Possible Causes of Out-of-Memory Error

  1. Insufficient GPU Memory:
  • The requested memory for the YOLOv8 model exceeds the available GPU memory, leading to the out-of-memory error.
  1. Model Complexity:
  • YOLOv8 may have a high model complexity that uses extensive memory during engine building and inference.
  1. Memory Management Changes:
  • Differences in memory management between TensorRT versions, especially between DeepStream 6.3 and 7.1, can result in more stringent memory requirements.
  1. Unused Resources:
  • Other applications or processes might be consuming GPU memory, leaving insufficient resources for your TensorRT engine build.

Suggested Solutions

  1. Reduce Batch Size:
  • Lower the batch size when invoking trtexec. For example, instead of batch=1, try creating the engine with a smaller batch size or test with explicit batch size adjustments.
trtexec --onnx=yolov8s-seg_1088_1920.onnx --saveEngine=yolov8s-seg_1088_1920.onnx-fp32-1088_1920-batch=1
  1. Mixed Precision:
  • Utilize mixed precision (FP16) to reduce memory requirements significantly. Modify your command to use FP16 support to save GPU memory.

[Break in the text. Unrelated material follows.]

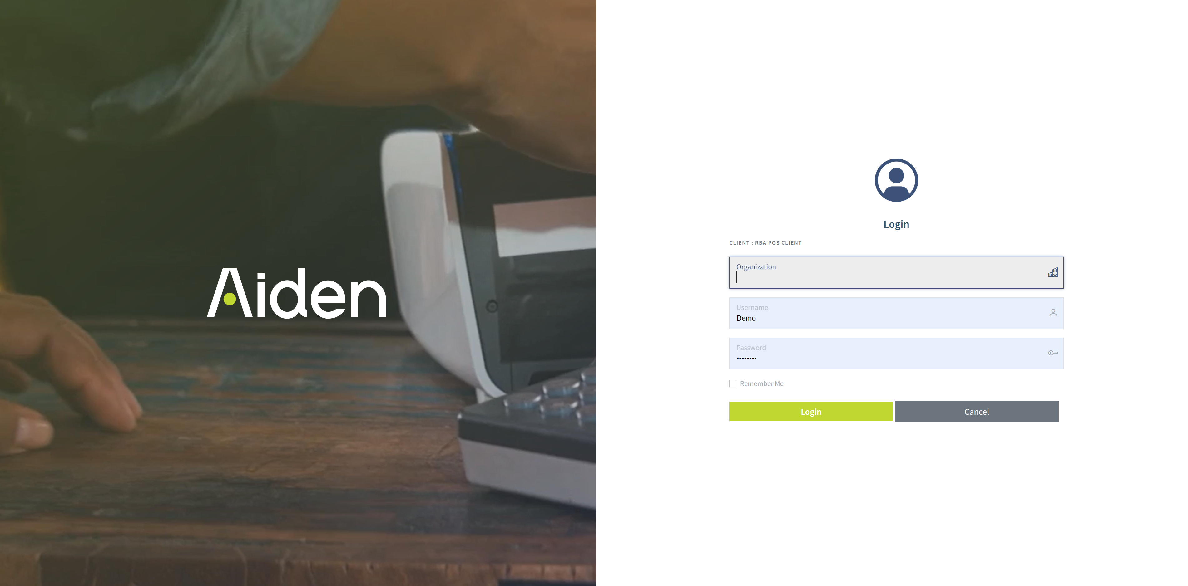 You can now log into an Aiden application. In this case; Aiden POS. You can check what application you are logging in by looking at the small grey text above organization input field:

trtexec --onnx=yolov8s-seg_1088_1920.onnx --saveEngine=yolov8s-seg_1088_1920.onnx-fp16-1088_1920-batch=1
  1. Optimize the Model:
  • Before converting, optimize your ONNX model by minimizing or fusing layers where possible. You can use tools such as ONNX Graph Optimization Toolkit to help reduce the size/complexity.
  1. Profile GPU Memory Usage:
  • Use tools like nvidia-smi to monitor GPU memory usage while running the TensorRT commands. This will help identify if other processes are consuming memory.
watch -n 1 nvidia-smi
  1. Upgrade Drivers and TensorRT:
  • Ensure you’re on the latest NVIDIA driver and TensorRT version. Compatibility improvements and updated memory management features might resolve issues.

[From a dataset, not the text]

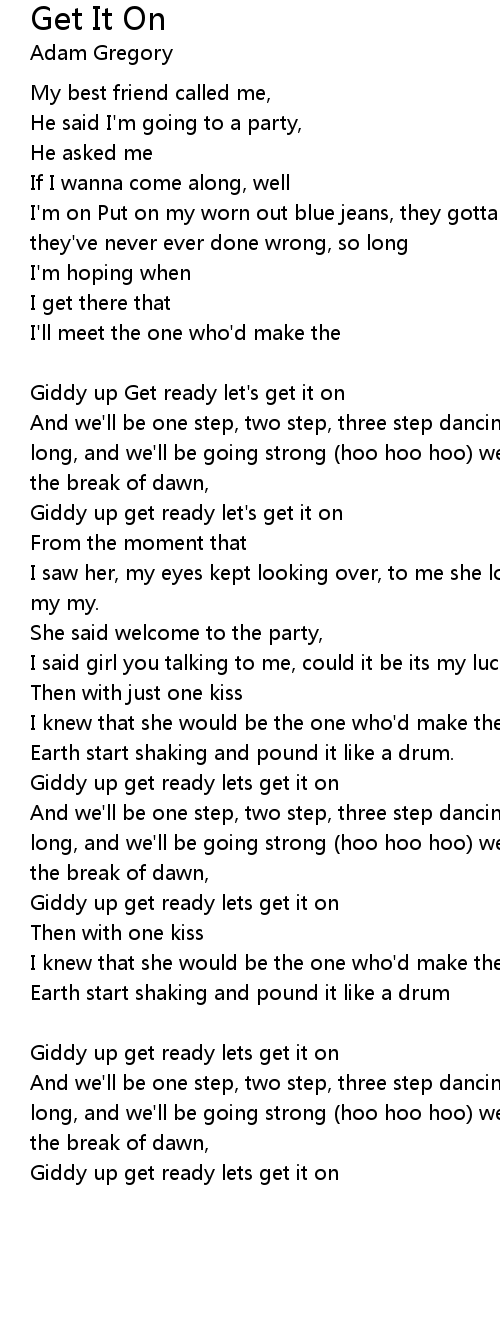 Giddy (staggered) up get ready lets get it on [Chorus] |

  • You may want to check if there are newer versions than 8.6.1 that could yield better results.
  1. Clean Up GPU Resources:
  • Restart the system or the container to ensure all previous memory allocations are cleared if you’ve run multiple tests or failed builds.
  1. Use Profiling Tools:
  • Use TensorRT profiling tools to gain insights into memory usage during engine building. Profiling may reveal unoptimized sections of your model or excessive memory requirements.

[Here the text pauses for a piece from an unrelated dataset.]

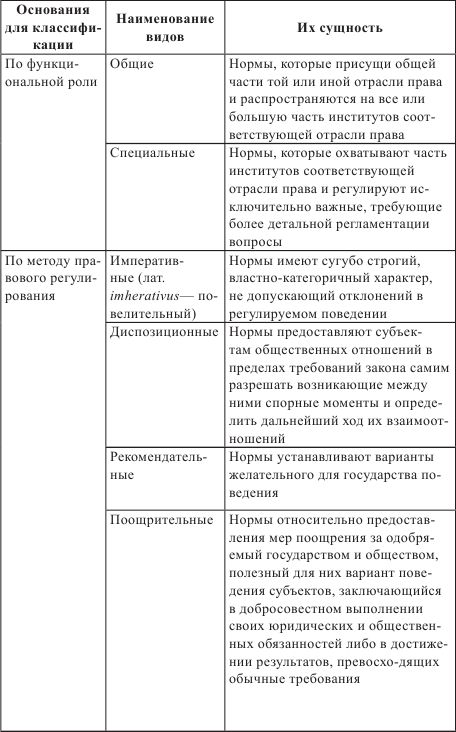 Все правовые нормы по различным критериям и основаниям могут быть разделены на определенные группы и виды:

  1. Consider Increasing GPU Memory:
  • If the hardware allows, running on a different GPU with more memory could also be a solution if you are constrained by memory limits.

By following these steps and suggestions, you should be able to mitigate the out-of-memory error and successfully create the TensorRT engine file from your YOLOv8 ONNX model while utilizing DeepStream 7.1.